Rate limiting
Agentgateway rate limiting policies allow controlling the rate of requests incoming to a route.
Rate limit types
Agentgateway exposes two types of rate limits:
Local rate limits apply in memory, and counters are not shared between replicas of agentgateway, nor across restarts. These are very low overhead, but not appropriate for usage where exact global counts are required, or for limits with long time windows (like monthly limits).
Remote rate limits store counters in an pluggable external data store, which enables shared state across replicas of agentgateway. This is controlled via the Envoy Rate Limit gRPC service to enable re-use with existing rate limiting services built for Envoy; the Envoy project has an example rate limiter service that can be used.
Rate limit modes
In additional to simple request-based rate limits, agentgateway can limit requests based on tokens for LLM consumption.
Request-based rate limits
By default, agentgateway applies rate limits to requests. Therefore, each request consumes 1 unit of capacity.
To explicitly set request-based rate limits, set the rate limiting type to requests
as shown in the following example.
policies:
localRateLimit:
- maxTokens: 10
tokensPerFill: 1
fillInterval: 60s
type: requests
Token-based rate limits
For tokens, each token (prompt or completion) consumes 1 unit of capacity. Because the number of tokens that are used for the completion is not known at the time the request is sent, calculating the number of tokens can become tricky. To work around this issue, agentgateway checks token-based rate limits in two phases, at request time and at response time.

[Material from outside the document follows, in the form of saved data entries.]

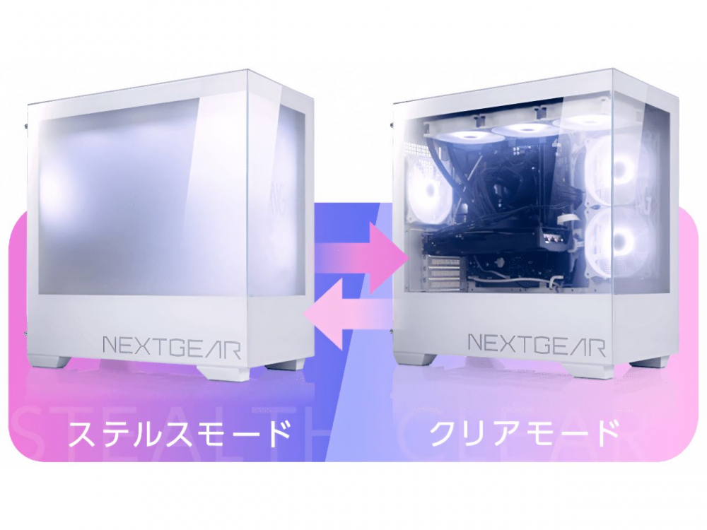 ในโหมด ステルスモード (ซ่อน) แม้มองไม่เห็นฮาร์ดแวร์ด้านใน แต่ไฟ ARGB ยังส่องสวยงาม ส่วนเวลาจะโชว์ของต่อหน้าเพื่อน แค่กดปุ่มเดียว โหมด クリアモード (ใส) ก็เปลี่ยนจากฝ้าเป็นใสทันที—เท่แบบสายโชว์ของสุด ๆ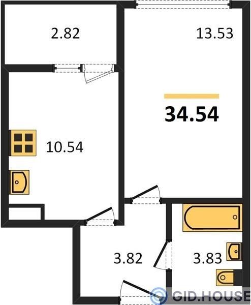 Общая площадь34,54 м²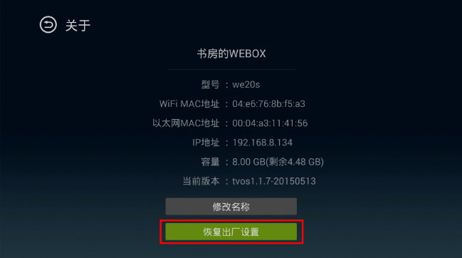 然后就看到恢复出厂设置的按钮啦!但是要注意,恢复出厂设置会让盒子原有的所有数据都清空哦!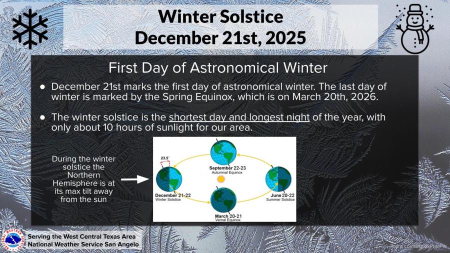 Sunday, Dec. 21, marks the winter solstice and the first day of astronomical winter. It will be the shortest day of the year, with about 10 hours of daylight across West Central Texas.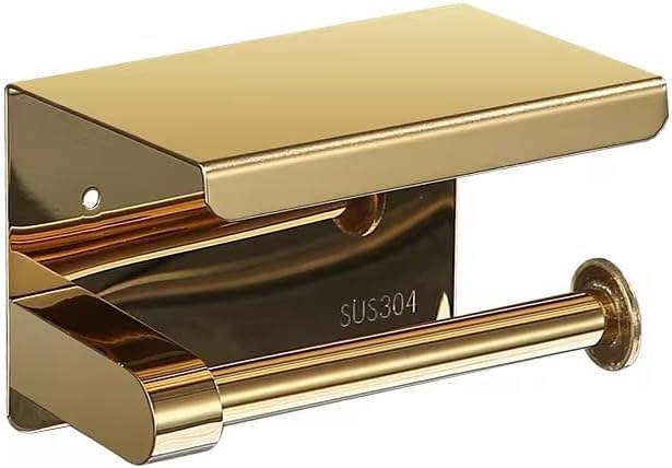 Generic - 304 Stainless Steel Toilet Paper Holder with Shelf High Quality Gold
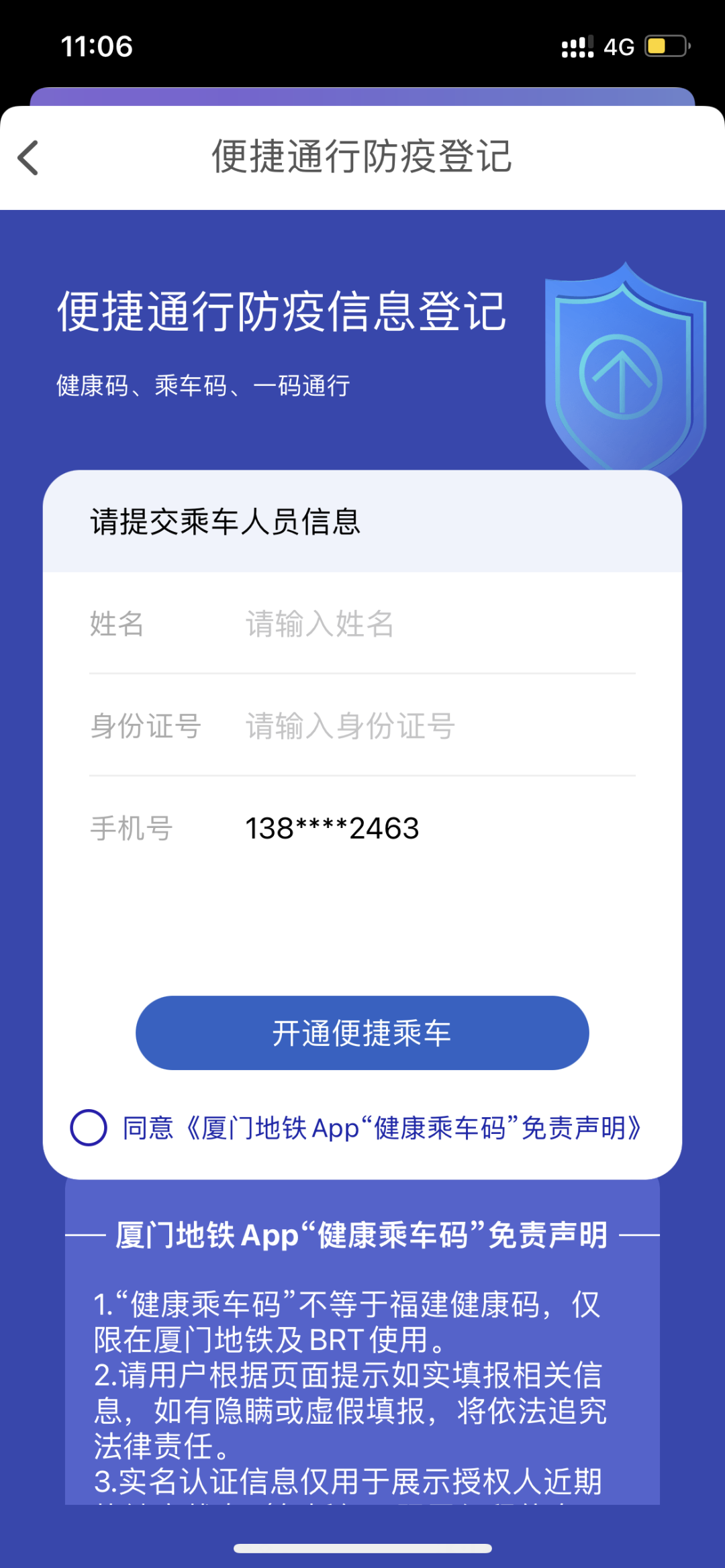 3、实名登记:点击“地铁•BRT”乘车按钮,在乘车二维码下方点击“便捷通行防疫登记”,勾选“同意《便捷乘车防疫登记隐私协议》”,输入姓名、身份证、手机号完成实名认证并授权登记(健康信息仅作前端展示)。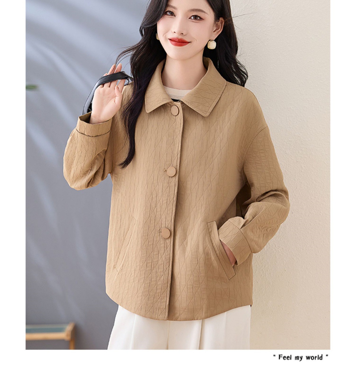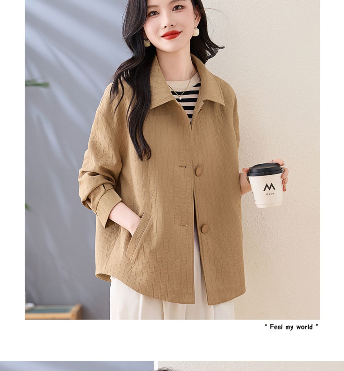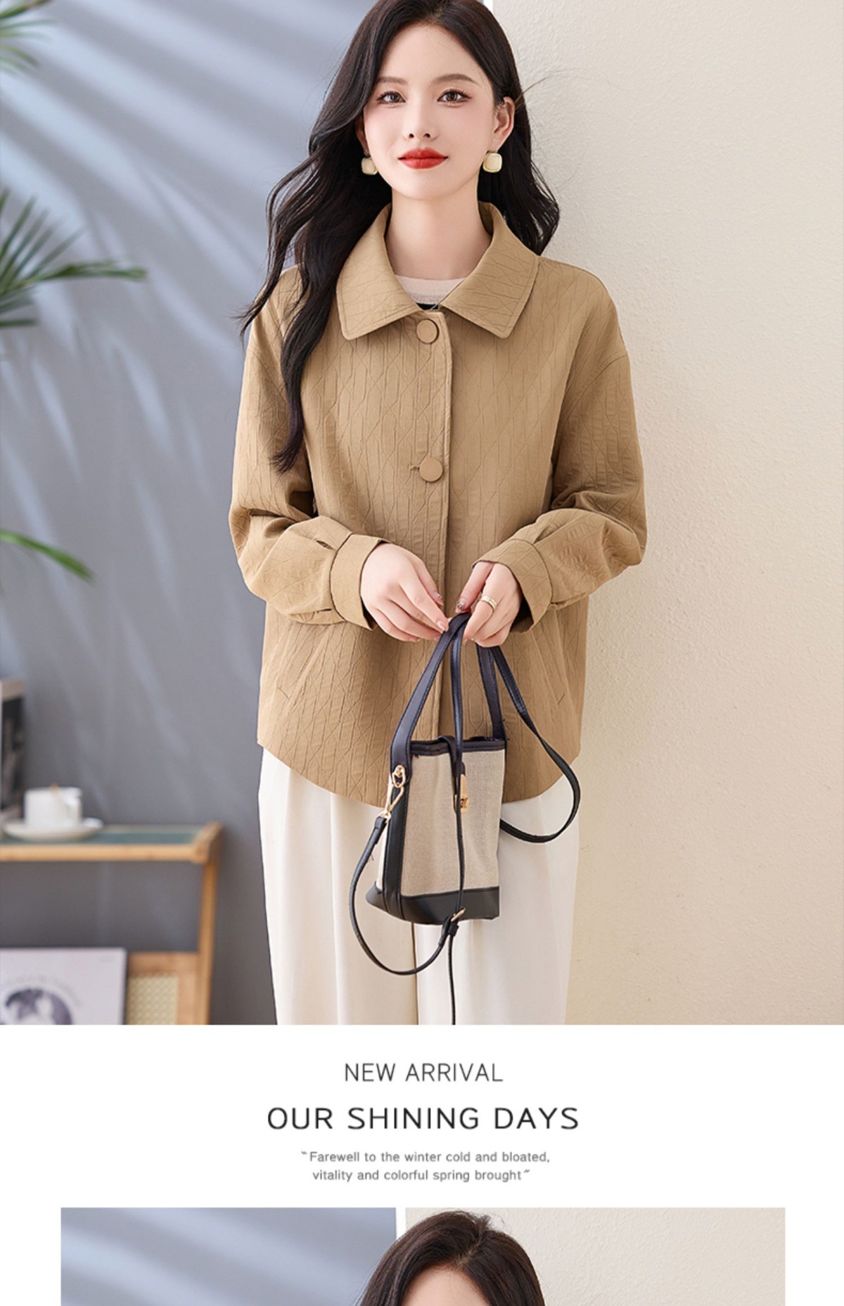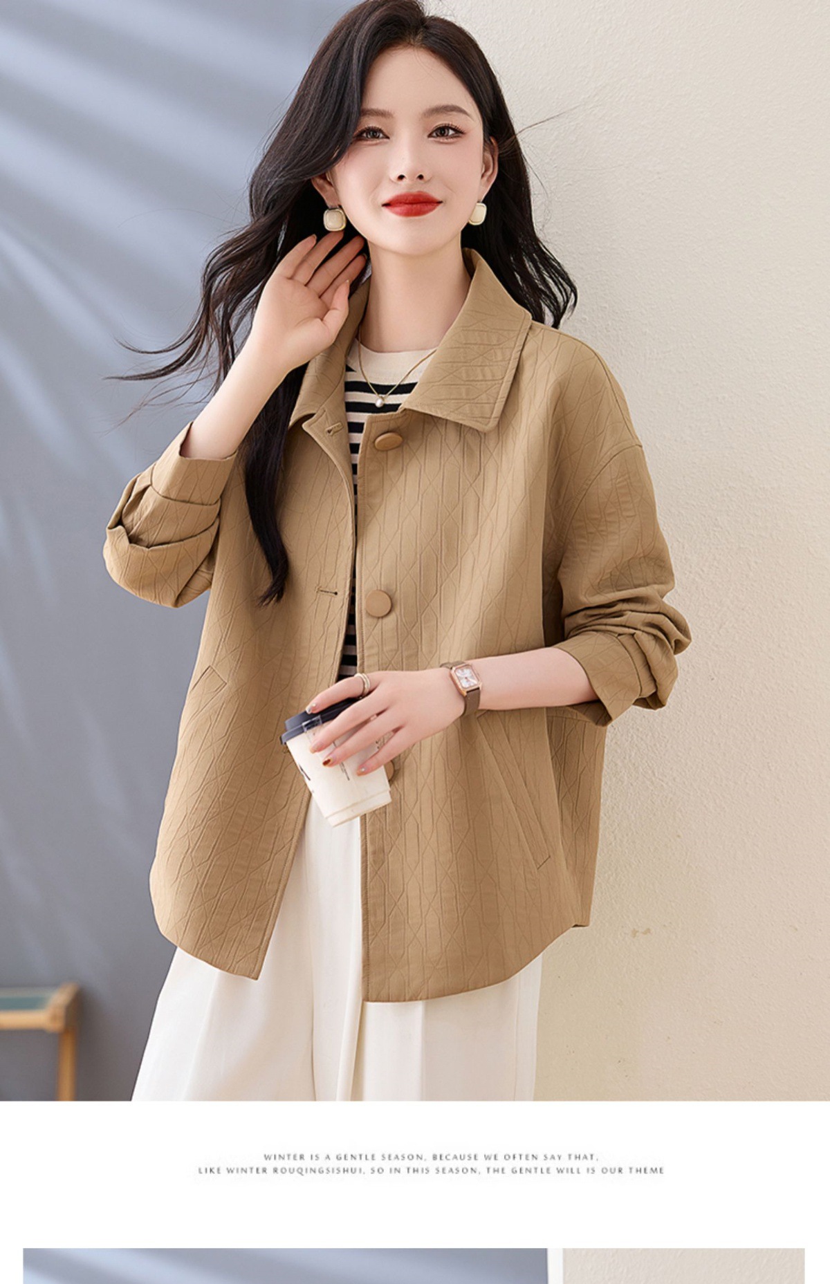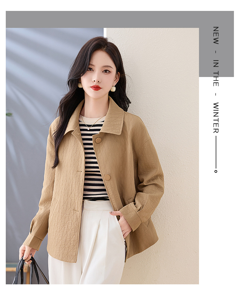 Áo khoác nữ kiểu cổ bẻ, thiết kế ngắn vừa vặn dành cho các bạn nữ có chiều cao khiêm tốn. Dáng áo rộng rãi thoải mái, phong cách đơn giản dễ phối đồ. Chất liệu nhẹ phù hợp mặc trong tiết trời mùa xuân hoặc mùa thu. Có thể mặc cùng quần jeans và áo thun để tạo vẻ ngoài trẻ trung, hoặc kết hợp với váy để dịu dàng hơn. Dễ dàng giặt sạch và bảo quản. | Tên sản phẩm: Áo Khoác Nữ Kín Cổ Hàng Mùa Xuân Thu Đông - Thời Trang Nữ | Mã sản phẩm: L3857 - Giá: 1.830.000đ | Mã nhà sản xuất: WODIG-G05Hình ảnh sản phẩm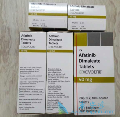阿法替尼(GILOTRIF)是EGFR和HER2酪氨酸激酶抑制剂,具有不可逆性。目前该药已被批准治疗铂类化疗后疾病进展的晚期非鳞状细胞癌和EGFR阳性的转移性非小细胞肺癌。对于EGFR突变的患者,阿法替尼的疗效与吉非替尼和厄洛替尼差不多,对于HER2突变的患者,大可替尼和来那替尼或阿法替尼的疗效欠佳。

To enable token-based rate limiting, set the rate limiting type to token
as shown in the following example.
policies:
localRateLimit:
- maxTokens: 10
tokensPerFill: 1
fillInterval: 60s
type: tokens
At request time
- When
tokenize: true
is not set or is set tofalse
on the AI backend, the number of tokens that are used for the request cannot be calculated. Because of this, the request is always allowed, unless the rate limit is set to 0 tokens. The LLM typically returns the number of tokens that were used for the request when sending the response. Agentgateway verifies the number of tokens that were used in the request and the response to determine whether the rate limit was reached. By default,tokenize
is set to false. - When
tokenize: true
is set, agentgateway estimates the number of tokens at request time. Because of that, the request is only allowed if the estimated number of tokens does not exceed the set rate limit.
At response time
When the LLM returns a response, it typically provides the number of tokens that were used during the request and response. Agentgateway uses these numbers to determine if the rate limit was reached.
Note that this determination happens after the response is returned. Even, if the number of tokens that are used in the response exceeds the number of allowed tokens, the response is still returned to the user. Only subsequent requests are rate limited. If tokenize: true
is set on the AI backend and tokens were estimated during the request, agentgateway verifies the actual number of tokens that were used for the request when the LLM returns its response. In the case the initial estimation was off, agentgateway adjusts the number of used tokens to count these against the set rate limit.
Configuration
Local
Local rate limiting uses a Token bucket algorithm.
Field | Meaning |
---|---|
maxTokens |
Maximum, and initial, size of the bucket |
fillInterval |
How often to refill the bucket |
tokensPerFill |
How many tokens to replenish per fill |
type |
The type of rate limiting. Choose between requests for request-based rate limits, and tokens for token-based rate limits. |
Below shows an example rate limit configuration that allows 5,000 tokens per hour, and 60 requests per second.
localRateLimit:
- maxTokens: 5000
# Every hour, refill 5000 tokens
tokensPerFill: 5000
fillInterval: 1h
type: tokens
- maxTokens: 60
# Every second, refill 1 token
tokensPerFill: 1
fillInterval: 1s
type: requests
Note
The term “tokens” is used for two distinct meanings. In maxTokens
and tokensPerFill
, it indicates the “token” in the token bucket counter. Each token can allow either 1 LLM token, or 1 HTTP request, based on the type
.
Remote
Remote rate limits are not defined directly in agentgateway. Instead, agentgateway is configured to connect to an external rate limit server, and which “descriptors” to send to the server. The rate limit server is responsible for defining, and enforcing, the appropriate limits matching the descriptors.
remoteRateLimit:
# The address to access the rate limit server
host: localhost:9090
# Arbitrary 'domain' to match limits on the rate limit server
domain: example.com
descriptors:
# Rate limit requests based on a header, whether the user is authenticated, and a static value (used to match a specific rate limit rule on the rate limit server)
- entries:
- key: some-static-value
value: '"something"'
- key: organization
value: 'request.headers["x-organization"]'
- key: authenticated
value: 'has(jwt.sub)'
type: tokens # or 'requests'
Each descriptor value is a CEL expression.